# Three's A Company! *pics*



## Autumn2005 (Apr 21, 2010)

I have three litters all born within a day of each other, from three different does and three different dads. They're all together in a modge pit of pinks almost fuzzies, and I'm having the expected problem: I don't know who belongs to whom!

Maybe you guys can help????

The pairings are:
Satin Blue Agouti Buck (sure of the agouti part, mostly guessing on the blue part) X Broken Satin Black Tan Doe
Recessive Yellow Buck X Possible RY Doe (her parents were both chocolates, but she's too light to be chocolate, but a really weird shade to be RY)
Chocolate Buck carrying Satin X Broken Black Satin Doe

The first two litters had 9 each, but the last doe had problems so I wasn't able to get a full count of her babies until it was too late to tell the older litters from the younger one. When I did a count, I had 19. I've now pared it down to 14, and am still in the process of selecting culls. I have already culled a couple PE males, most likely PEWs, and a few black males. One of the PEWs and 2 of the blacks looked satin.

Here I separated them into the relatively known pile, and the completely unknown:









My relatively known pile:








There looks like a satin PEW doe, a satin possible RY broken buck, a black possible satin doe, and the two brown ones I'm unsure if they're agouti or chocolate. One's a doe, the other is a buck. What do you think the brown ones are, chocolate or agouti?

My unknown pile:
















My problem here is that they are all very uniform. I've never had such a uniform litter before, even when I bred the same colors together. I just cannot make heads or tails of what they could be? All chocolates? All RY? If I have an entire litter that matches the unknown doe's color, I'm going to laugh my head off. This breeding was supposed to simplify her color, not compound it!

Anyway, any help on colors would be nice.
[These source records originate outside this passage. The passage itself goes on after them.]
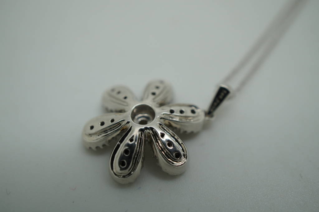 Sexy 14K White Gold Diamond Flower Pendant Necklace Signed JWBR 3.7 Grams
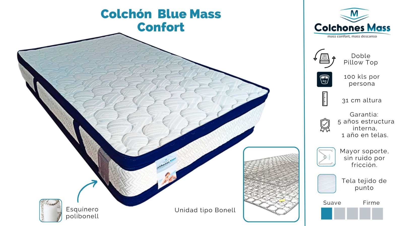 Su parte interna en resorte tipo Bonell brinda un apoyo uniforme en todo el cuerpo asegurando un soporte optimo.
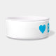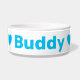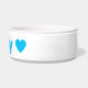 Esta tigela de cão cerâmico tem dois corações azuis e pode ser personalizada com o nome do seu cão. Escolha qualquer estilo de fonte e cor que você preferir em vez do azul mostrado aqui. Você pode mover os corações e ajustar seu tamanho também para fazer este prato de cachorro exatamente para seu cachorro. Faz um presente único e divertido para qualquer pai de cachorro!
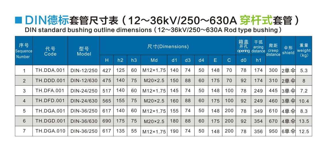 DIN德標(biāo)套管12~36kV/250~630A穿桿式套管
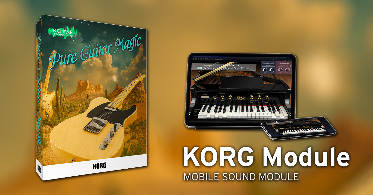 Kelfar Pure Guitar Magic delivers the ultimate electric guitar experience for KORG Module and Module Pro, and is also available for KORG KRONOS and NAUTILUS as EXs 256Kelfar Pure Guitar Magic. This exclusive collection of electric guitars is drawn from Karim El-Far’s personal selection of instruments at Kelfar Technologies and meticulously sampled in Kelfar Technologies’ private studio using top-tier audio interfaces and premium recording equipment—ensuring exceptional fidelity, realism, and playability.
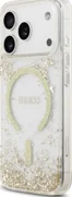 The transparent design is decorated with gold glitter particles, adding a distinctive shine and unique character.
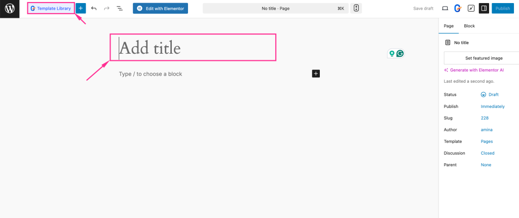 In the fourth step, you have to import a suitable Gutenberg block template for eCommerce site. For that, add a name to your page and press the “Template Library” button on the top left side.
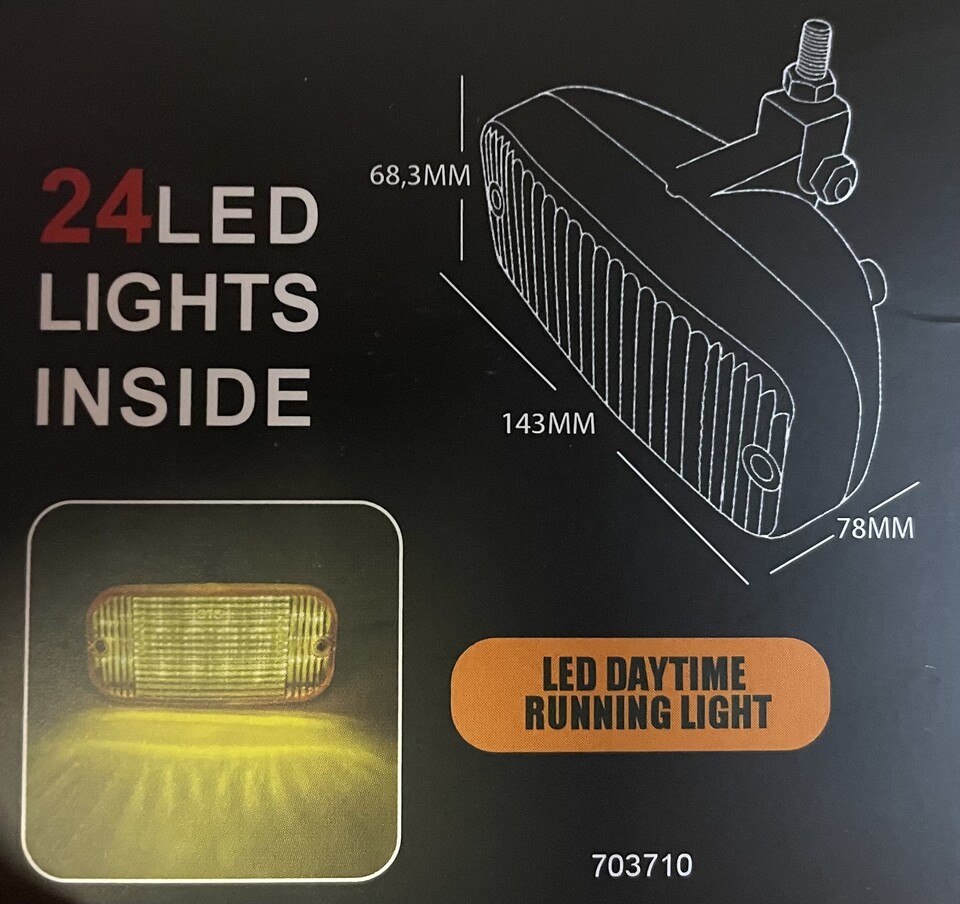 Gelbe DTS LED Tagfahrleuchten vom Typ Schwedenleuchte mit Montage und Kabeln. Die Leuchten haben geriffelte Gläser.
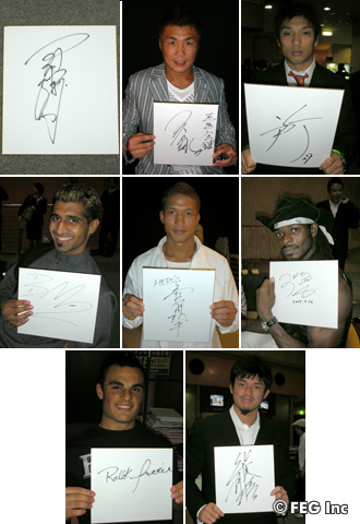 それからそれから、今大会直前に電撃参戦が発表された田村潔司選手、“金ちゃん”こと金泰泳選手、リベンジ戦で気合が入りまくっている所&マンバのご両人、さらに宮田選手、アッカ選手と人気どころのサイン色紙もど~んと大放出!! ヒクソンの甥っ子、ハレック・グレイシー選手からも記念サインをGET! さぁ、あなたは誰のサイングッズに応募する!? 今すぐHERO'S携帯サイトにアクセスだぁ~☆■
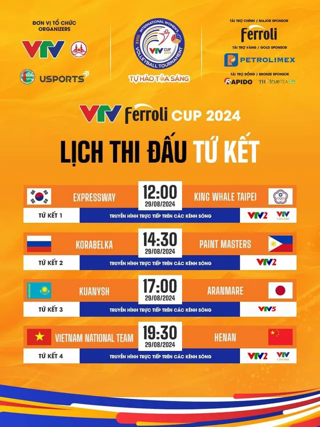 Trong khi đó, Expressway (Hàn Quốc) với chiến thắng ấn tượng trước Kuanysh đã giành ngôi nhất bảng A. Kết quả này đưa đại diện của "xứ kim chi" gặp King Whale Taipei (Đài Bắc Trung Hoa). Trận tứ kết giữa Expressway và King Whale Taipei diễn ra sớm nhất lúc 12h00 và được trực tiếp trên kênh VTV2, VTV Cần Thơ, VTVgo và kênh youtube VTV Thể Thao.
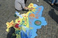 Ужгородські школярі різного віку з комітету учнівського самоврядування на площі Народній склали з країн-пазлів карту Європи.
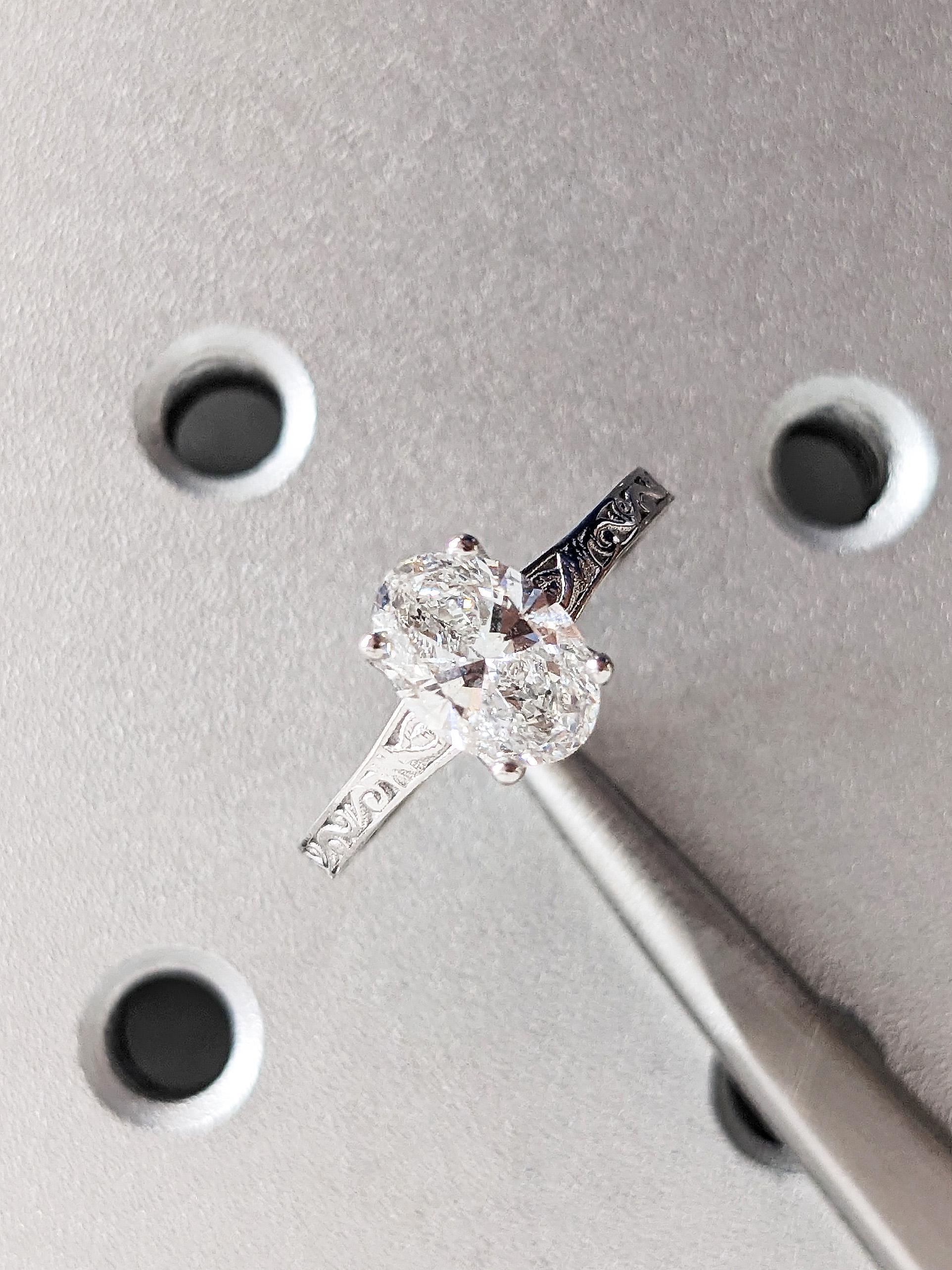This elegant engagement ring showcases an oval cut Lab Grown Diamond in a timeless solitaire design. Crafted in gold, the band features intricate filigree detailing that enhances its vintage charm while the addition of a gallery rail provides extra support and a refined touch of sophistication. A perfect blend of classic beauty and artisan craftsmanship.

I'll post again as they get more fur on.


----------



## peztree3 (Dec 20, 2011)

All I can say is good luck! lol


----------



## SarahY (Nov 6, 2008)

I would suggest littering your does seperately if you want to know who belongs to whom 

Without knowing anything other than that which you've listed:


> Satin Blue Agouti Buck (sure of the agouti part, mostly guessing on the blue part) X Broken Satin Black Tan Doe


= All satin agoutis and black, tans and possibly self.


> Recessive Yellow Buck X Possible RY Doe


= Recessive yellows... if the doe is recessive yellow!


> Chocolate Buck carrying Satin X Broken Black Satin Doe


= Black self, satin and standard coat.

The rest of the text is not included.